Today, just like yesterday, I haven’t done any significant thing and, as I don’t have any other better thing to do at 20:03 I started writing here. What have I done today? I went to the supermarket to buy a few things (and I only got one) and I have spent alone the rest of the day, so I could read a bit. My family has gone out and I didn’t feel like going with them (they went to a boring concert), and as always, my sister tried to make me feel guilty for not going with her and leaving her alone with my parents. Hey, if you don’t want to be alone with them because yo get bored, just don’t go.
This week is being too boring. Nobody wants to hang out because they are preparing the new course, so I have more time to think about it and feel guilty because of my lack of trying to advance in any subject.

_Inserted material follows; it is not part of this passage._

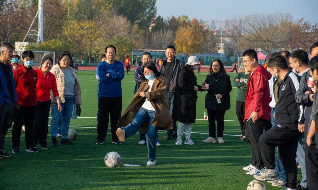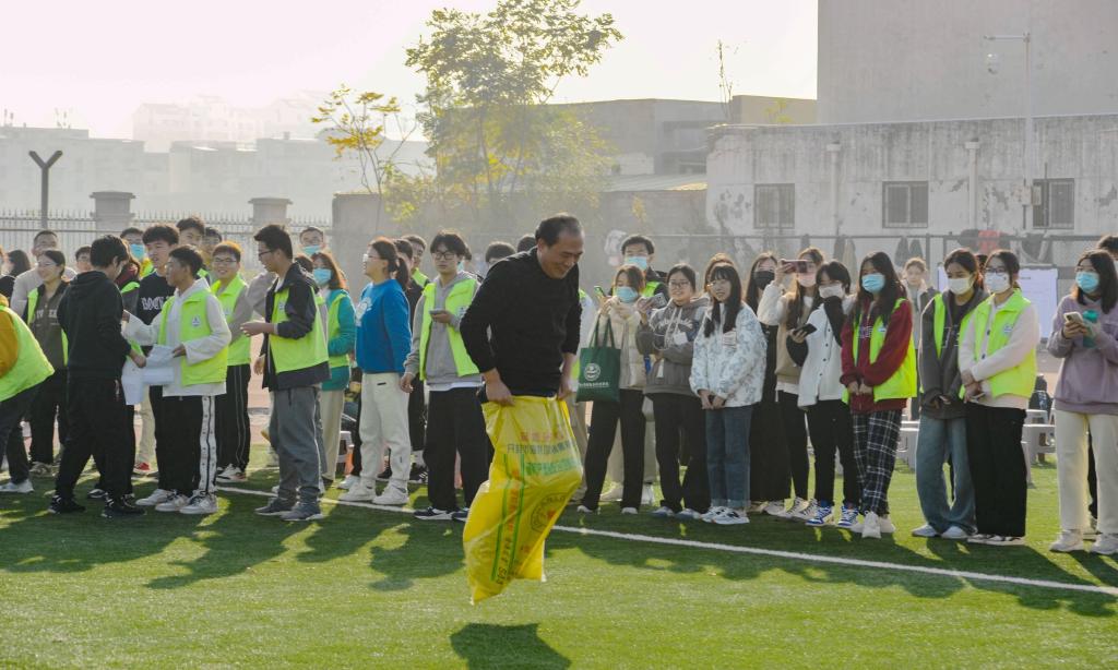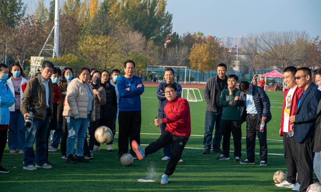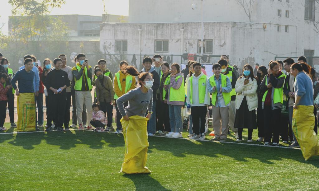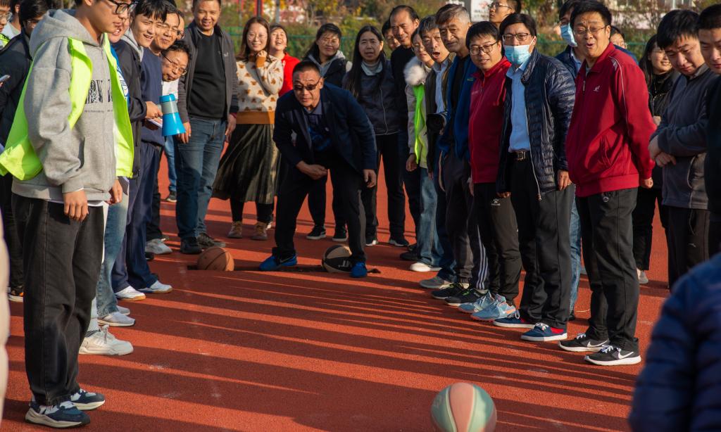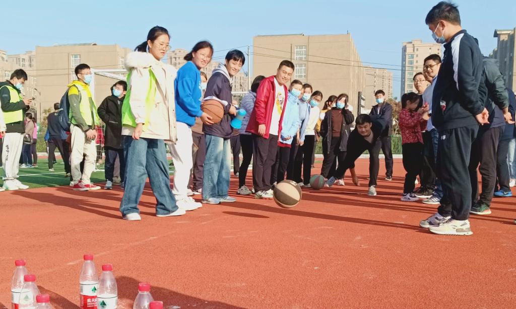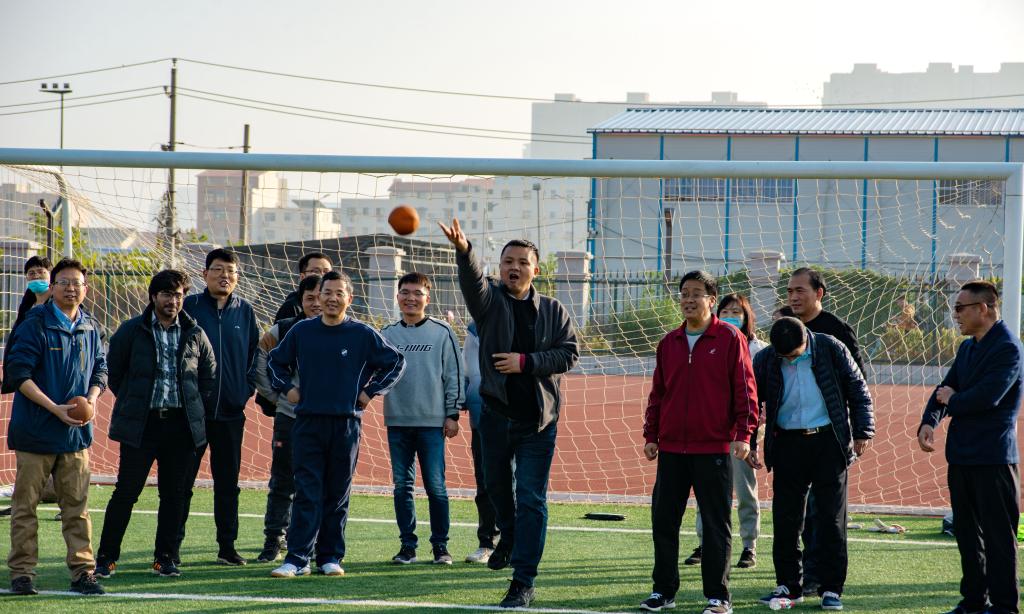 全体教师到场后,副经理、工会主席邱永宽作赛前讲话,他希望全体教职工都可以借此次机会展现出自己昂扬向上的精神风貌,赛出水平,赛出风格,在之后以更饱满的状态投入到工作中。活动在全体教师绕操场慢跑一圈后正式开始,共分为袋鼠跳接力、沙包背抛、趣味保龄球、点球大战四个项目。

The other day I met my cousin in the underground. She’s younger than me (also a teenager) and, as her friends had left, I asked her to stay with me and my friends. Ungratefully, my friends behave as bad as possible and her face was like a poem. That, without counting with my best friend (a girl) calling me “honey” in front of her (okay, it is a less usual word here and I don’t know any similar word in English, it’s used for too close people). Now, my entire family will think that I’m probably gay. It wouldn’t have been so bad if I hadn’t discovered a few weeks ago that I was the last of my cousins to have a boyfriend (or girlfriend). Even my 9-year-old cousin has had a girlfriend. Seriously, my family looks concerned (yes, my grandparents are a bit homophobic) and I can’t prove that I’m not gay because I have never had a boyfriend (I haven’t even kissed a boy yet).
So I wrote my stupid thoughts again. I thought that if I wrote in English, maybe someone would read it, though, probably, it is not as well-written as it should.